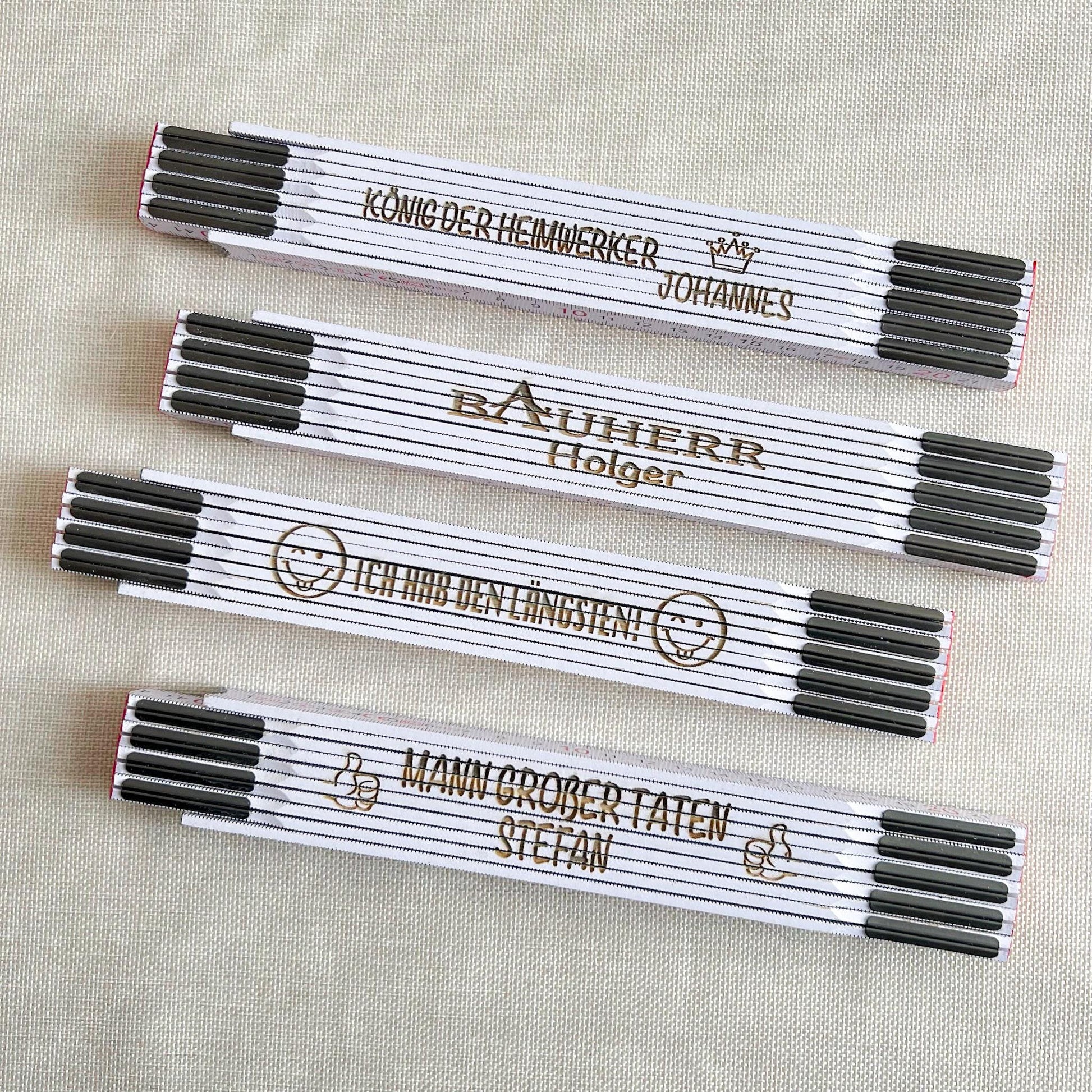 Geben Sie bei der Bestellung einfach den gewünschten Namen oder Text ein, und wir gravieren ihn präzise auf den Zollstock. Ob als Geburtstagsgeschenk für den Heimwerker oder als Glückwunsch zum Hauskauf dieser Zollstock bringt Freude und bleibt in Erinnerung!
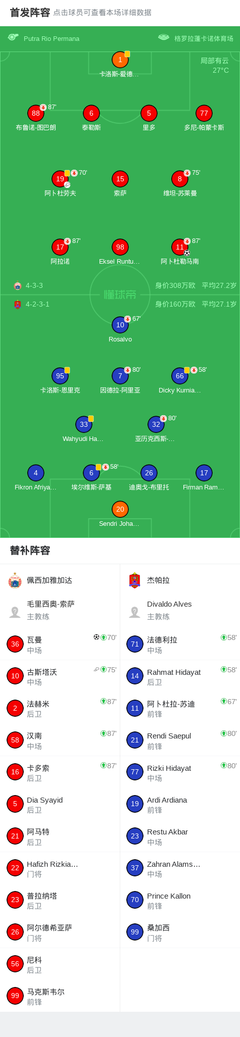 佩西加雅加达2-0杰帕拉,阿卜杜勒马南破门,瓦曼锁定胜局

============

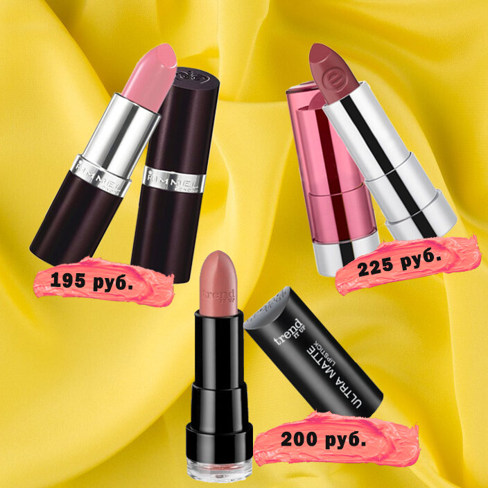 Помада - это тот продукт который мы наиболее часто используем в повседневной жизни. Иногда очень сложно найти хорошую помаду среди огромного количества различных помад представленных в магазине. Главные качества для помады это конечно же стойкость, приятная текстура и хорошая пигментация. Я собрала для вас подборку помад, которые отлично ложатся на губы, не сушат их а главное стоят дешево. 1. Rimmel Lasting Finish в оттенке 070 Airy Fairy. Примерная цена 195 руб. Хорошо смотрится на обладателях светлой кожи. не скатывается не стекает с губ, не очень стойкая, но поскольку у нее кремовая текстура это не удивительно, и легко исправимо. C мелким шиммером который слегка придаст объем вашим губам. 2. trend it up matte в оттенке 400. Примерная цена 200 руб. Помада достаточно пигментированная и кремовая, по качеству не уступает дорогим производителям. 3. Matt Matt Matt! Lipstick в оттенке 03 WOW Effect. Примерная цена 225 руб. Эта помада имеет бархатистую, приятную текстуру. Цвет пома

============

#### [Task goal]
Within the listing above, copy exactly the lines that start at the one with "Geben Sie bei" and continue through the one with "佩西加雅加达2-0杰帕拉,阿卜杜勒马南破门,瓦曼锁定胜局". Omit pictures.

#### [Exercise solution]
 Geben Sie bei der Bestellung einfach den gewünschten Namen oder Text ein, und wir gravieren ihn präzise auf den Zollstock. Ob als Geburtstagsgeschenk für den Heimwerker oder als Glückwunsch zum Hauskauf dieser Zollstock bringt Freude und bleibt in Erinnerung!
 佩西加雅加达2-0杰帕拉,阿卜杜勒马南破门,瓦曼锁定胜局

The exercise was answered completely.